Jumlah Koperasi Desa/Kelurahan Merah Putih (KDMP) hingga Februari 2026 telah mencapai 83,33 ribu unit gerai yang tersebar di seluruh provinsi Indonesia. Ekspansi ini menunjukkan percepatan implementasi program unggulan Presiden Prabowo Subianto dalam memperkuat fondasi ekonomi desa melalui optimalisasi dana desa.
Berdasarkan data resmi KDMP, Jawa Tengah menjadi provinsi dengan jumlah gerai terbanyak, yakni sekitar 8,55 ribu unit.
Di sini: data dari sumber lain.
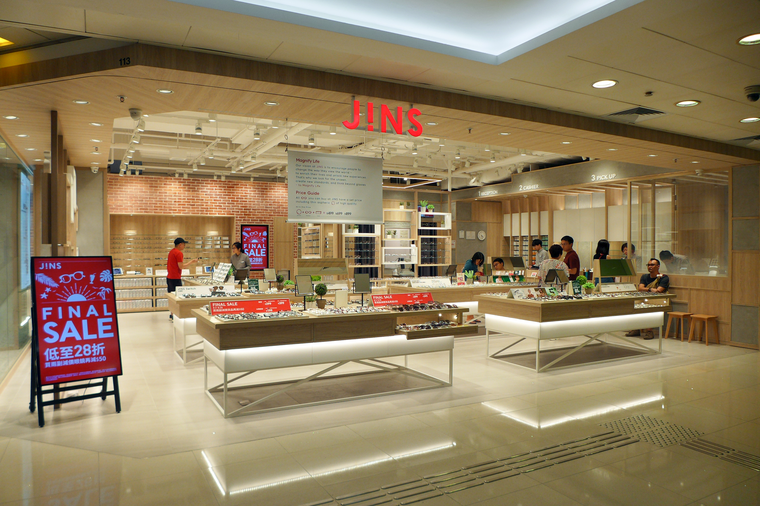 JINS in East Point City

Posisi berikutnya ditempati Jawa Timur yaitu 8,49 ribu unit, disusul Aceh sebanyak 6,54 ribu unit. Adapun jumlah KDMP di Sumatera Utara mencapai 6,13 ribu unit, serta Jawa Barat sebesar 5,97 ribu unit. Dominasi lima besar ini mencerminkan tingginya partisipasi daerah dalam pengembangan koperasi berbasis desa.
Adapun Nusa Tenggara Timur, Sumatera Selatan, Sulawesi Selatan, Lampung, dan Papua Pegunungan masuk dalam 10 besar provinsi dengan jumlah KDMP terbanyak. Keberadaan gerai KDMP di berbagai wilayah diharapkan mampu memperkuat distribusi kebutuhan pokok, memperluas akses pembiayaan mikro, serta meningkatkan nilai tambah hasil produksi desa.
KDMP dirancang sebagai instrumen untuk memperkuat ketahanan pangan dan memangkas rantai distribusi agar ketergantungan pada tengkulak berkurang. Melalui skema ini, harga kebutuhan pokok dapat lebih terkendali, daya beli masyarakat meningkat, serta kesejahteraan warga desa terdorong naik secara berkelanjutan.